The Rwandan radio show that changed children’s lives

by Patricia Justino, Marinella Leone and Pierfrancesco Rolla

5 Mar 2019

Globally, around 250 million children under the age of five do not meet key development milestones, which reduces their ability to reach their full potential. A large body of scientific evidence has shown that parenting is one of the strongest influences on early child development. The first three years of a child’s life are crucial for their long-term development and until the age of three, the child's entire world is typically restricted to their house, where the majority of their interactions are with their family.

In recognition of this, there has been a recent push in international policy towards the implementation of parent training programmes across the world. However, gaps remain in understanding what works to promote positive parenting practices, particularly in vulnerable contexts. 

Introducing First Steps

With support from the British Academy, the Institute of Development Studies and Save the Children Rwanda (SC Rwanda) embarked on a partnership in 2019 to evaluate and scale-up a holistic programme called First Steps (FS), which supports the families of children aged 0-3 in the district of Ngororero in Rwanda. 

A 'First Steps' session in Rwanda. © Save the Children Rwanda.

The objective of FS is to enhance knowledge, attitudes and practice of parents to support the cognitive, physical and socio-emotional development of their children. It is offered in one of Rwanda’s poorest districts, through weekly community meetings guided by local facilitators that support peer learning, aided by a radio programme. Over 17 weeks, it focused on promoting simple activities such as playing and speaking with the child, singing songs or telling stories, providing love and attention, naming objects and counting, matching things, and preparing healthy meals.
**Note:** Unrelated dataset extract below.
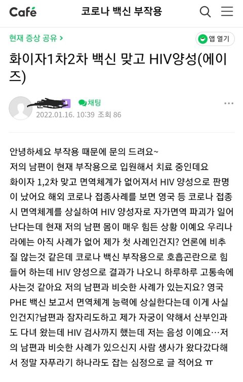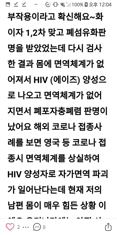 화이자1차2차맞고HIV 에이즈양성__퍼옴(네이버 카페)
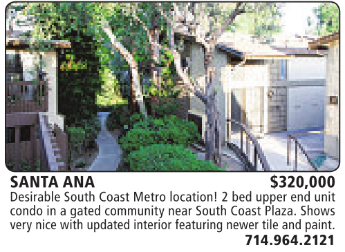 SANTA ANA $320,000 Desirable South Coast Metro location! 2bed upper end unit condo inagated community near South Coast Plaza. Shows very nice with updated interior featuring newer tile and paint.

To avoid spreading these messages without resorting to what can be perceived as patronising lecturing on how to be a good parent, a maximum of 20 parents in each village were organised into discussion groups and listened to a radio programme exploring child development and parenting practices, developed by SC. Discussions also involved games between parents and children and reading posters which highlighted key parenting practices. 

A poster used in the
Poster used during parenting sessions. © Save the Children Rwanda

Understanding the project’s effect

We analysed the effect of the radio programme across three dimensions: the children’s development, measured by assessing their communication, fine motor, problem solving and personal social skills; time the parents spent with the child; and parental confidence. In order to analyse the causal impact of FS, the five-month intervention, was randomly assigned at the sector level to three groups, composed of 27 villages each. Data was collected before the intervention, six months after the intervention, and two and half years after. The trial involved three groups. A ‘light touch’ group listened to a weekly radio session and received support from a local facilitator who had received training and a basic package of training materials. In the ‘full intervention’ group, the weekly meetings were paired with a local facilitator who received additionally a full package of materials, a children’s book gifted to each family, and the support of a salaried facilitator, who conducted home visits. The third group was a control group.

Six months after the trial, we found that in both intervention groups, the programme had had a positive impact on the three outcomes under analysis: child development, the time parents invested in spending with their children and parental confidence in supporting their children’s development. Measuring again two and a half years after the trial, there was a smaller but still significant difference between the results from the ‘full intervention’ group and the control group. 

Scaling it up

Is the project scalable nationally, in terms of value-for-money and effect over time? 

The cost of the intervention was modest as it uses an accessible technology in Ngororero: the radio. It also takes advantage of economies of scale by gathering together parents of the same village. 

In terms of effect over time, changes in parents’ behaviour and practices are one of the longest lasting. Moreover, the positive contribution to a child’s development until age three has been well documented to have impressive positive consequences in the long-term, in relation to health, education and professional career of the child. 

While this is no magic cost-effective pill to solve children development problems, as there are more structural poverty-related problems, it does show how a radio and meetings with parents can improve children’s lives for the better.

Patricia Justino, Marinella Leone and Pierfrancesco Rolla, based at the Institute of Development Studies and the University of Sussex, are researching a project focused on Scaling Up Early Child Development Interventions in Rwanda. This project is part of the British Academy’s Early Childhood Development Programme.